__Task to complete__
Exactly the lines from the one holding "Azərbaycan Respublikasının Birinci" through the last line of the listing below must appear in the answer, and no pictures.

(Supplied data Opens)

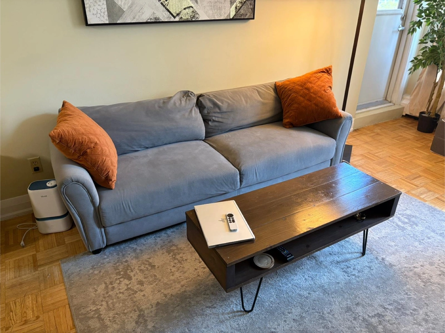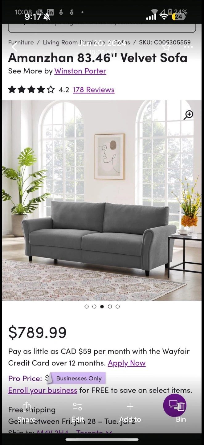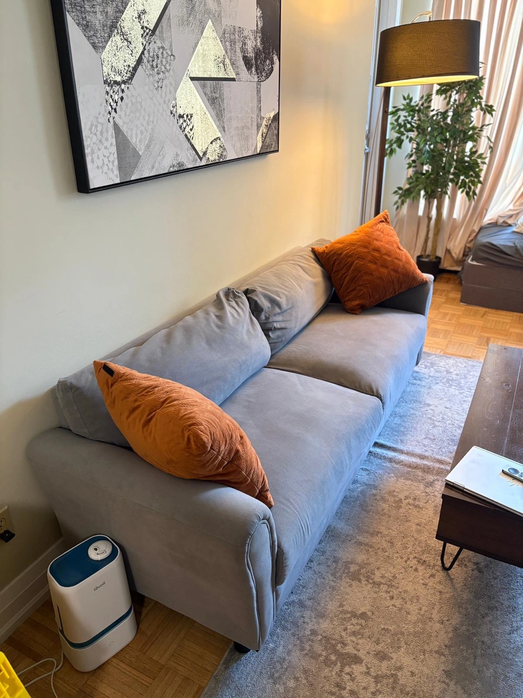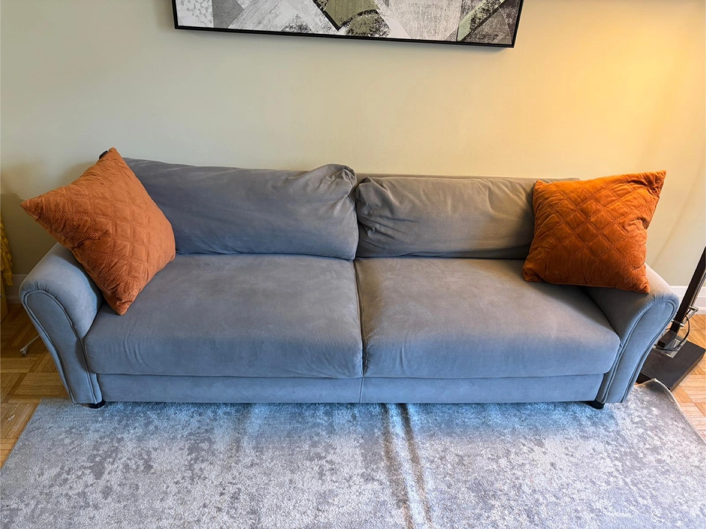 Selling a grey comfy Amanzhan velvet sofa in good condition. The couch is available to inspect at 30 Charles St west. It's a stylish addition to any living room. Originally bought from wayfair . It is listed at 600$+tax
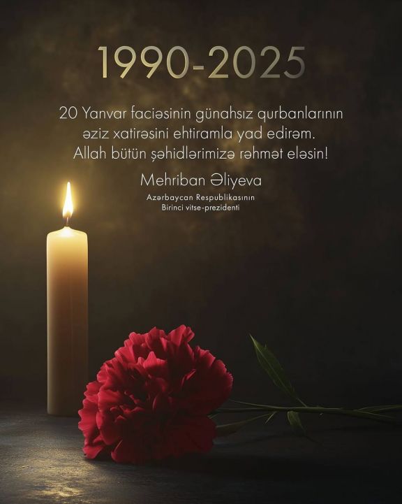 Azərbaycan Respublikasının Birinci vitse-prezidenti Mehriban Əliyeva sosial şəbəkə hesablarında 20 Yanvar faciəsinin 35-ci ildönümü ilə bağlı paylaşım edib.
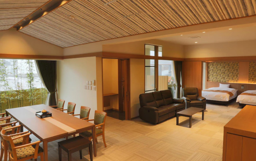 오사카, 고베 사이 온천과 료칸을 즐기기 좋은 조용하고 호화로운 온천지 아리마온천마을 오쿠노 호소미치 (Okuno Hosomichi) 료칸은 인테리어도 예쁘고 객실도 충분히 크고 디테일도 잘 되어있으며 안주와 음료도 준비되어 있습니다.
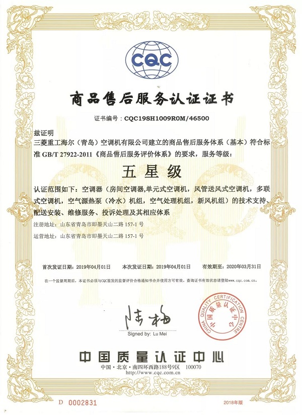 口碑印证,三菱重工海尔荣获商品售后服务质量五星级认证证书
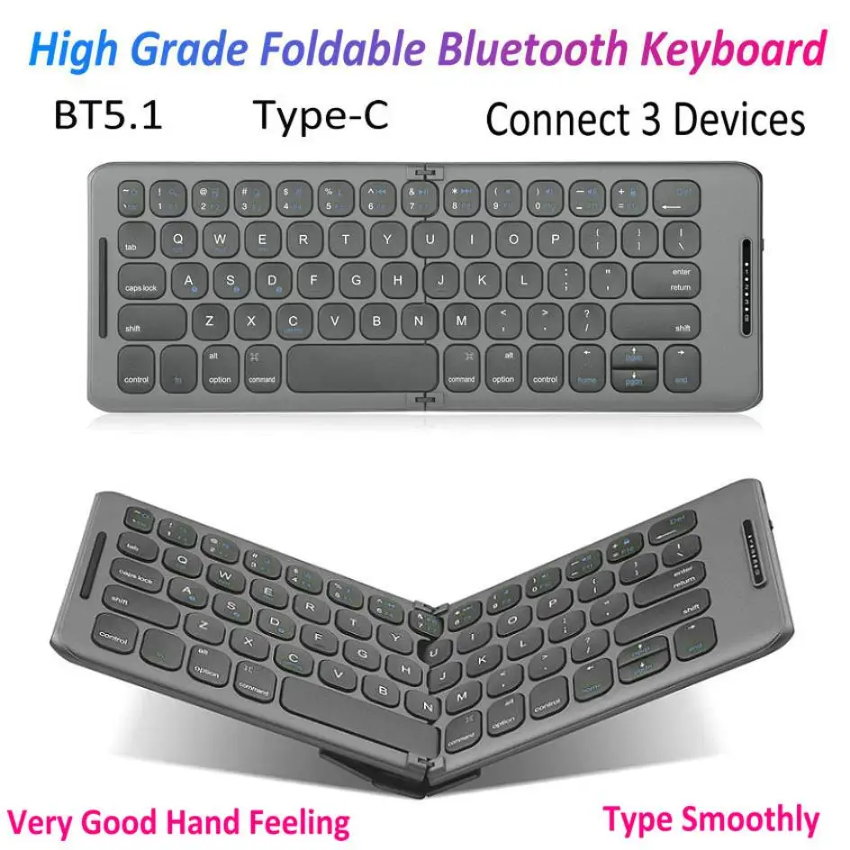 고급 미니 휴대용 접이식 접이식 무선 블루투스 5.1 키보드 타입 C 충전 포트 윈도우/안드로이드/iOS/맥 OS BT 기능과 같은 컴퓨터 노트북 태블릿 PC 전화 등 스마트 장치
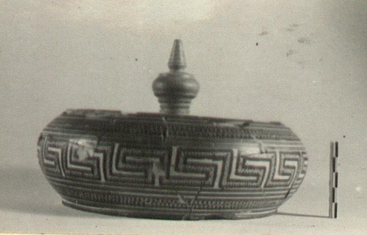 | Description: | Pyxis mended from many fragments; chips missing. Hatched maeander around body, with single zigzag above and below, all set off by bands. Lid mended from many fragments; chips missing. At outer edge, a row of dots between bands. Knob, ribbed below, then round, with band of chevrons; then tall conical, banded. | |

(Supplied data Closes)

__Result for this exercise__
 Azərbaycan Respublikasının Birinci vitse-prezidenti Mehriban Əliyeva sosial şəbəkə hesablarında 20 Yanvar faciəsinin 35-ci ildönümü ilə bağlı paylaşım edib.
 오사카, 고베 사이 온천과 료칸을 즐기기 좋은 조용하고 호화로운 온천지 아리마온천마을 오쿠노 호소미치 (Okuno Hosomichi) 료칸은 인테리어도 예쁘고 객실도 충분히 크고 디테일도 잘 되어있으며 안주와 음료도 준비되어 있습니다.
 口碑印证,三菱重工海尔荣获商品售后服务质量五星级认证证书
 고급 미니 휴대용 접이식 접이식 무선 블루투스 5.1 키보드 타입 C 충전 포트 윈도우/안드로이드/iOS/맥 OS BT 기능과 같은 컴퓨터 노트북 태블릿 PC 전화 등 스마트 장치
 | Description: | Pyxis mended from many fragments; chips missing. Hatched maeander around body, with single zigzag above and below, all set off by bands. Lid mended from many fragments; chips missing. At outer edge, a row of dots between bands. Knob, ribbed below, then round, with band of chevrons; then tall conical, banded. | |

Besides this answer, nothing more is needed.